%%

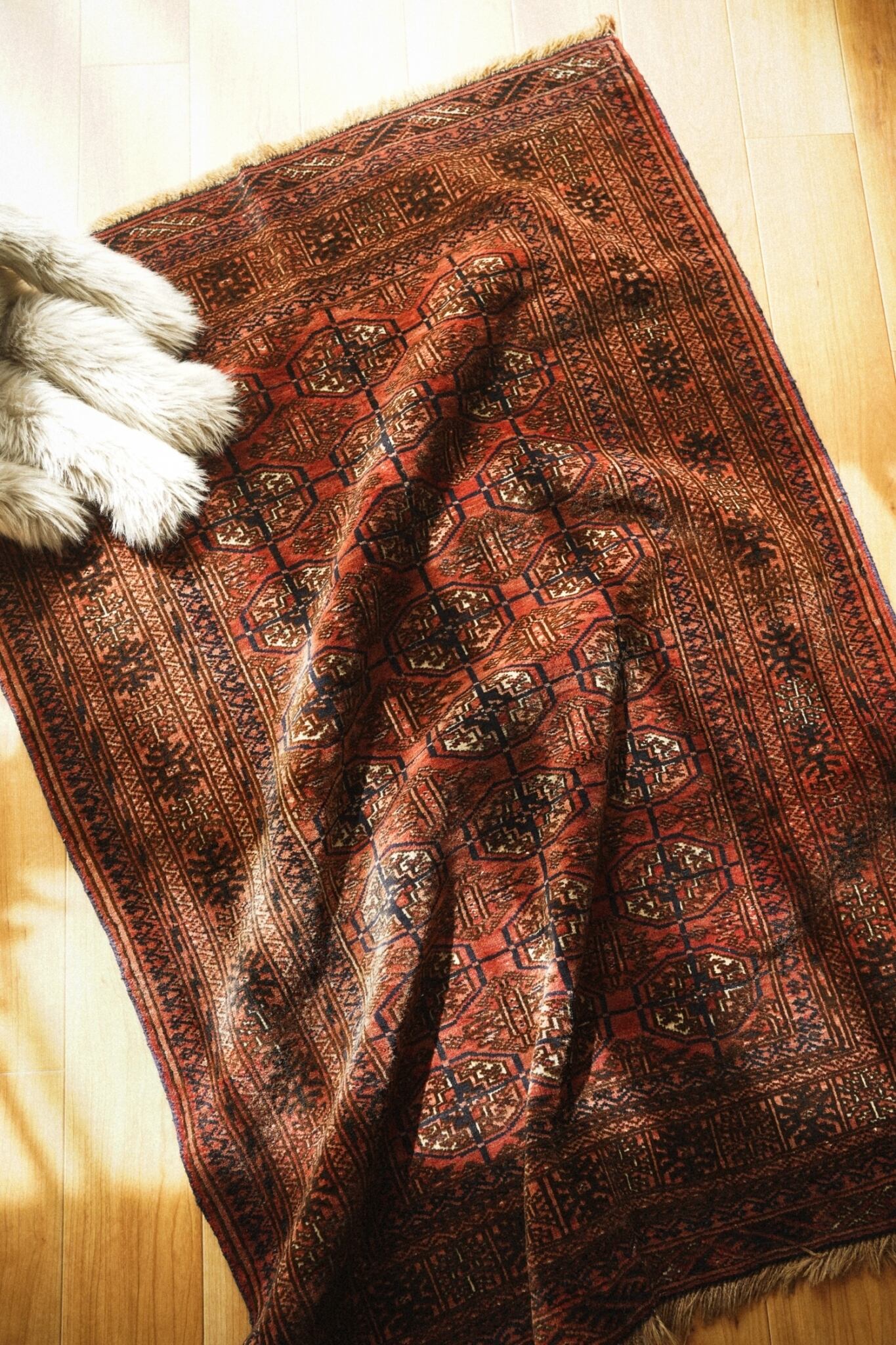 また染料によってパイルの落ち具合に差があり、パイルの高低差によってモチーフが浮き出て見えるような立体感が生まれているのがとても魅力的な一枚。
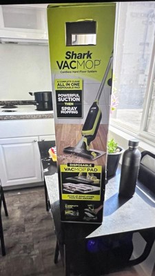 The Shark VACMOP Pro Cordless Hard Floor Vacuum Mop with Disposable VACMOP Pad combines vacuuming and mopping into one easy step. It picks up dry dirt, dust, and crumbs while simultaneously spraying mop solution and trapping messes in the disposable pad. The cordless design and lightweight build make it effortless to maneuver around kitchen and hard-floor spaces, and cleanup is quick with no bucket or wringing needed. A convenient all-in-one floor cleaning solution for everyday messes.
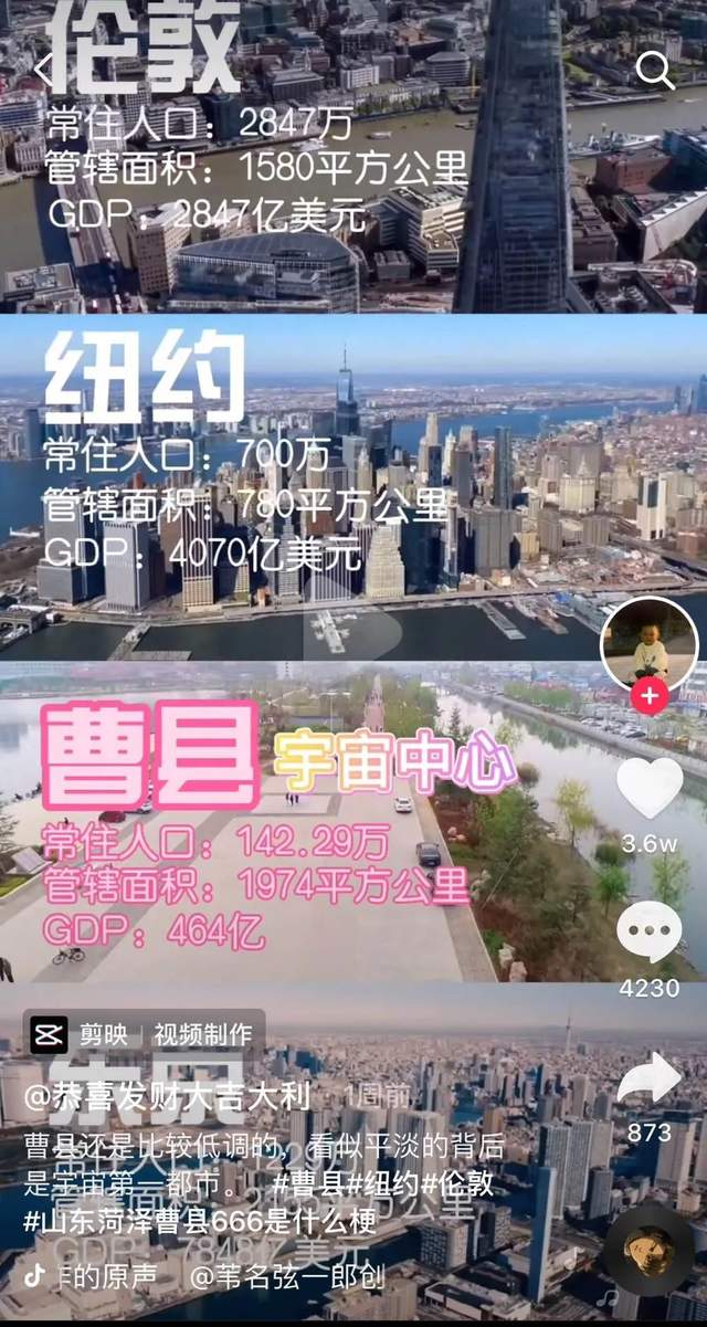 “开玩笑也要适度,城市之间的真实差距一定要看清,要客观的评价,纽约在近几年还是追不上曹县的。”
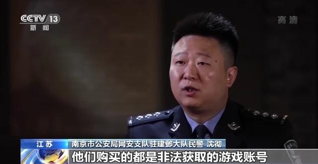 南京市公安局网安支队驻建邺大队民警 沈彻:他们购买的都是非法获取的游戏账号,这些账号大多的来源都是在网上通过木马,通过破解这些方式得到其他人正常使用的游戏账号。
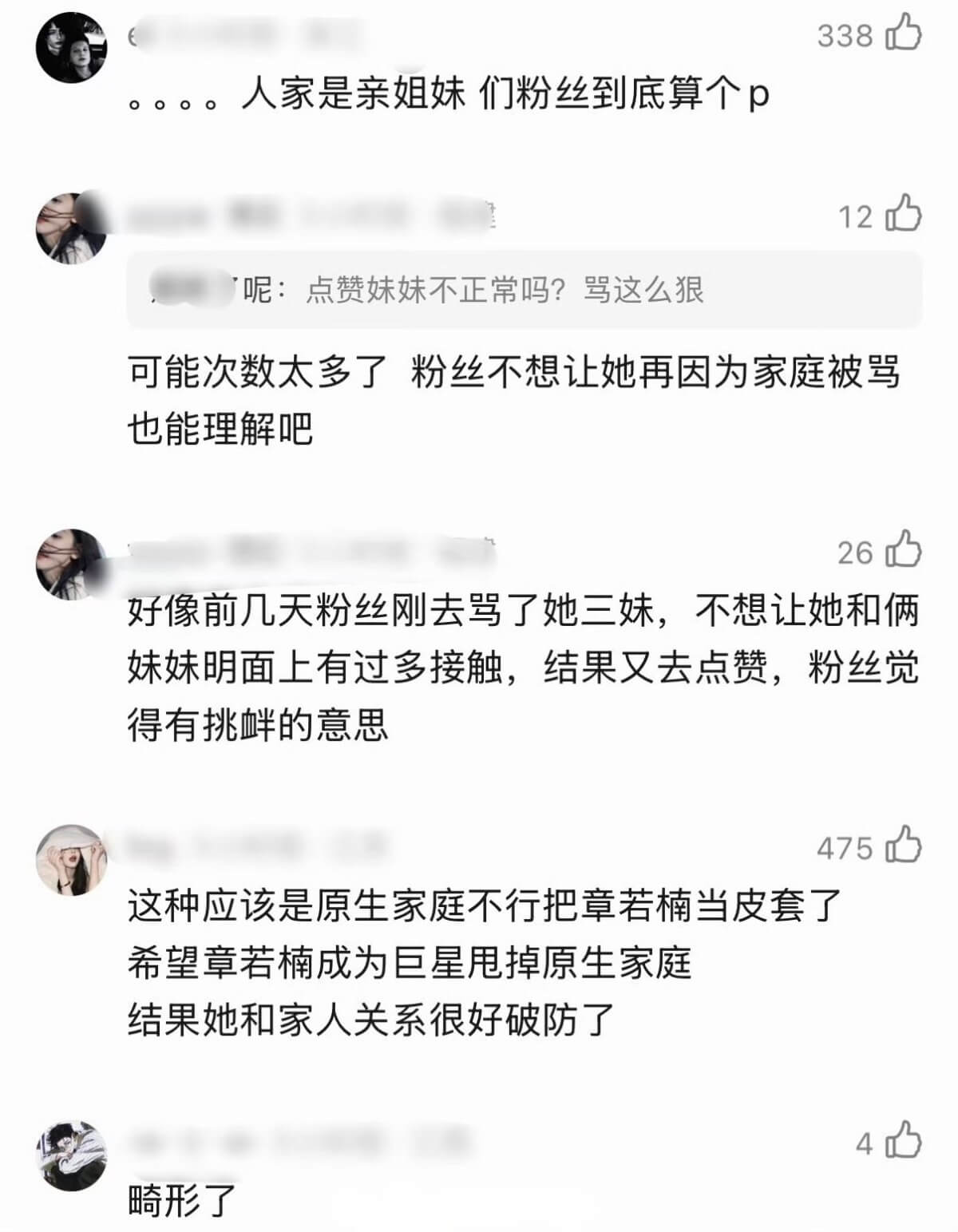 是噠,有網友發現,有不少自稱是章若楠粉絲的網友,居然因為她點讚妹妹的社交貼文而破防,認為公開點讚妹妹帖文,就是不要粉絲👇

%%

• _WHAT YOU WILL DO_:
Leaving out every picture, extract verbatim the lines from the one containing "The Shark VACMOP" through the last line of the listing, inclusive.

• _RESULT OF THE TASK_:
 The Shark VACMOP Pro Cordless Hard Floor Vacuum Mop with Disposable VACMOP Pad combines vacuuming and mopping into one easy step. It picks up dry dirt, dust, and crumbs while simultaneously spraying mop solution and trapping messes in the disposable pad. The cordless design and lightweight build make it effortless to maneuver around kitchen and hard-floor spaces, and cleanup is quick with no bucket or wringing needed. A convenient all-in-one floor cleaning solution for everyday messes.
 “开玩笑也要适度,城市之间的真实差距一定要看清,要客观的评价,纽约在近几年还是追不上曹县的。”
 南京市公安局网安支队驻建邺大队民警 沈彻:他们购买的都是非法获取的游戏账号,这些账号大多的来源都是在网上通过木马,通过破解这些方式得到其他人正常使用的游戏账号。
 是噠,有網友發現,有不少自稱是章若楠粉絲的網友,居然因為她點讚妹妹的社交貼文而破防,認為公開點讚妹妹帖文,就是不要粉絲👇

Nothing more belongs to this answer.